Muhalefet ve Erdoğan’ın Partisi Arasında Sıkı Bir Yarış Devam Ediyor

Muhalefet ve Erdoğan’ın Partisi Arasında Sıkı Bir Yarış Devam Ediyor

Ümraniye’deki Alemdağ Caddesi, canlı tezgahları, tanıdık sesleri ve dinamik kalabalıklarıyla tipik bir alışveriş caddesinin özünü mükemmel bir şekilde yansıtıyor. Benzer şekilde, 31 Mart yerel seçimleri için kampanya müziğini yansıtan logoları taşıyan, çeşitli büyüklüklerde siyasi parti çadırları belirmiştir. Cumhurbaşkanı Recep Tayyip Erdoğan’ın dev posterleri, İstanbul’un çeşitli ilçelerinde CHP lideri Ekrem İmamoğlu’nun yerel adaylarıyla birlikte durur. Ana muhalefet partisi de şehrin çeşitli bölgelerinde kendi adaylarını sahneye koymuştur.

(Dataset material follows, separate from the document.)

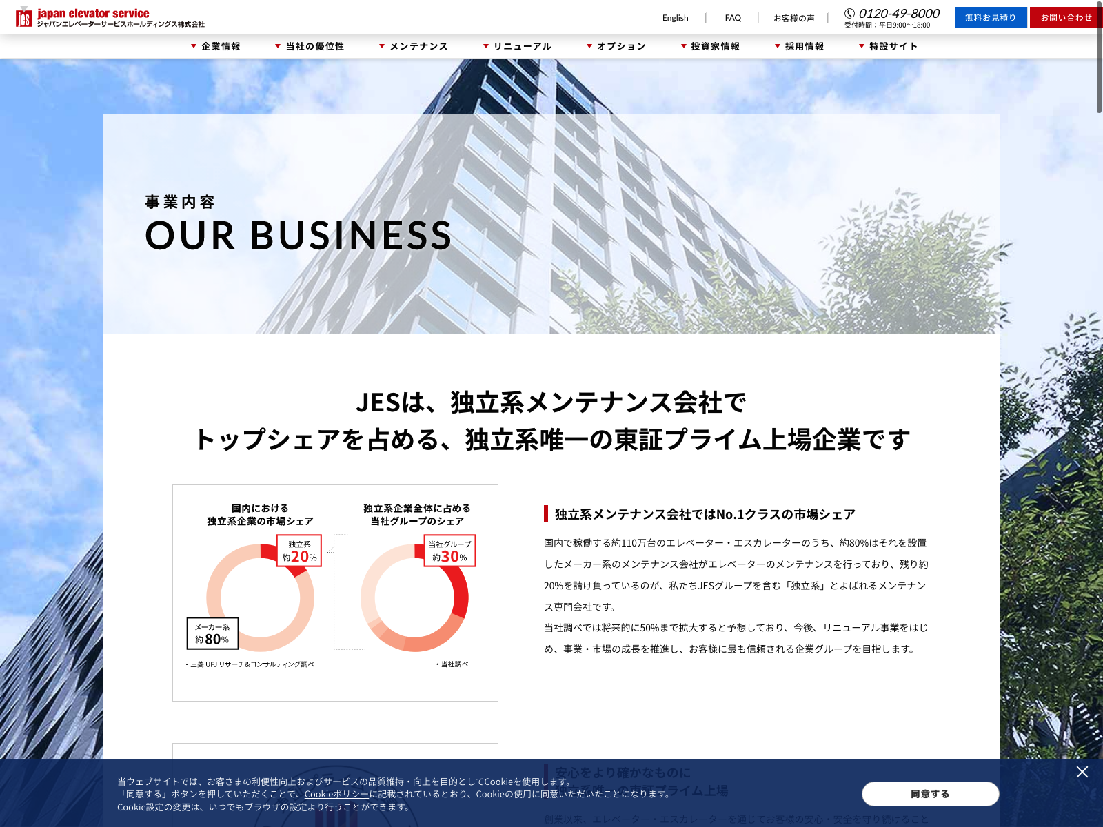 ジャパンエレベーターサービスホールディングス Update:2022.10.31 カテゴリー:プライム サービス業 ニュース一覧 事業内容 有価証券報告書 沿革 社長メッセージ 詳細 Visit 詳細 Visit

Ancak atmosfer ağırdır. İnsanların gözlerinde bir yorgunluk hissedilir. Yazar ve gazeteci Bekir Ağırdır, bunu “seçmenlerin yorgunluğu” olarak adlandırdı, günlük endişeler ve zorluklar üzerine biriken oylar nedeniyle. 2011’den bu yana, Türkler neredeyse her yıl oy kullandılar ve gerçekten bir şeyin değişmediğini gördüler. Yaşam maliyetinin artması, insanların tabaklarındaki yiyecek miktarını azaltıyor ve hanelerin refahını tehlikeye atıyor. “Günlük yaşamın gerçek sorunları ile resmi gündem arasındaki fark her geçen gün artıyor,” diyen bu anket uzmanı, sanki “hükümetin toplumu siyaset dışılaştırmaya ittiği” gibi ekledi.

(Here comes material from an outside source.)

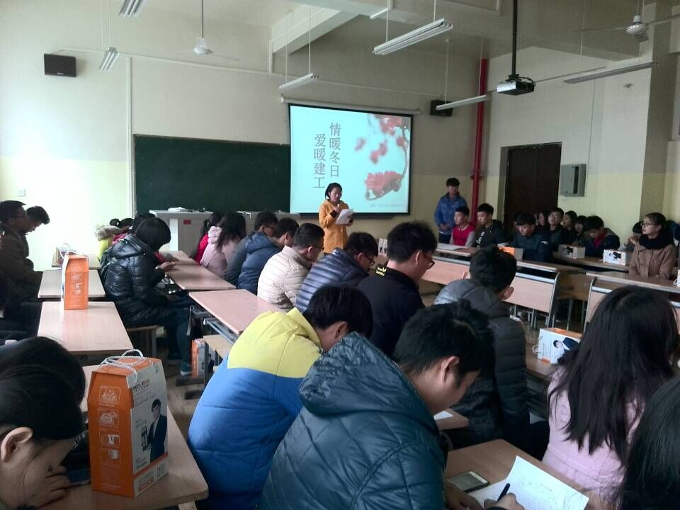 1月5日,建筑工程学院阳光助学协会在工4-202组织开展了“爱暖冬日,情暖建工”活动。学院党委副书记张艳霞、各年级辅导员和家庭经济特殊困难学生参加了此次活动。

Ayrıca iktidardakiler arasında artan otoritarizm var. 7 Mart’ta, CHP’ye yakın olduğunu iddia eden bir yayın yapan bir yaya, Sirinevler’deki Avrupa yakasında, bir YouTuber ile yapılan bir röportajda başkanı eleştirdikten sonra sokağın ortasında gözaltına alındı. Sivil polis tarafından alınıp, “nefreti körüklüyor” suçuyla suçlandı. Kasımpaşa’da, Erdoğan’ın doğum yeri, AKP militanları CHP’nin seçim karargahına baskın yaptı. 17 Mart’ta, Konya’da devlet başkanının düzenlediği miting sırasında, hükümetin eğitim politikasını eleştiren birkaç düzine kişi gözaltına alındı.

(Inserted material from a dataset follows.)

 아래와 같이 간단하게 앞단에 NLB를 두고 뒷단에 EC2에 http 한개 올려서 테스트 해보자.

Bu nedenle, yaya kaldırımlarında yabancı gazetecilere nadiren, hatta hiç içini dökmezler. İsimlerini zorla sessizce fısıldarlar. “Rakip partiler, hükümet koalisyonunun önümüzdeki genel ve cumhurbaşkanlığı seçimlerine (2028’de) kadar hakimiyetini koruyacağını kabul etmiş gibi görünüyor,” diye ekledi Ağırdır. “Hükümetin ekonomik durumu nedeniyle iktidardaki bloktaki seçmenler de coşkularını göstermekte isteksizler.”

İstanbul’da, İmamoğlu gece gündüz kampanya yürütüyor. Haziran 2019’da, AKP’nin isteği üzerine ilk oyunun iptal edilmesinin ardından ikinci kez düzenlenen bir oylamada gözlemcileri şaşırtarak kazandı. Yüksek Seçim Kurulu’nun hile iddiasını gerekçe göstererek iptal etmesine ikna olmuştu. Bu bir hata olduğu kanıtlandı. CHP adayı, ikinci oylamada 13.500 oylardan, Cumhurbaşkanı ve partisinin, o zamanlar 25 yıldır şehrin mutlak hakimi olan 800.000’den fazla bir farkla tarihi bir yenilgiye uğrattı.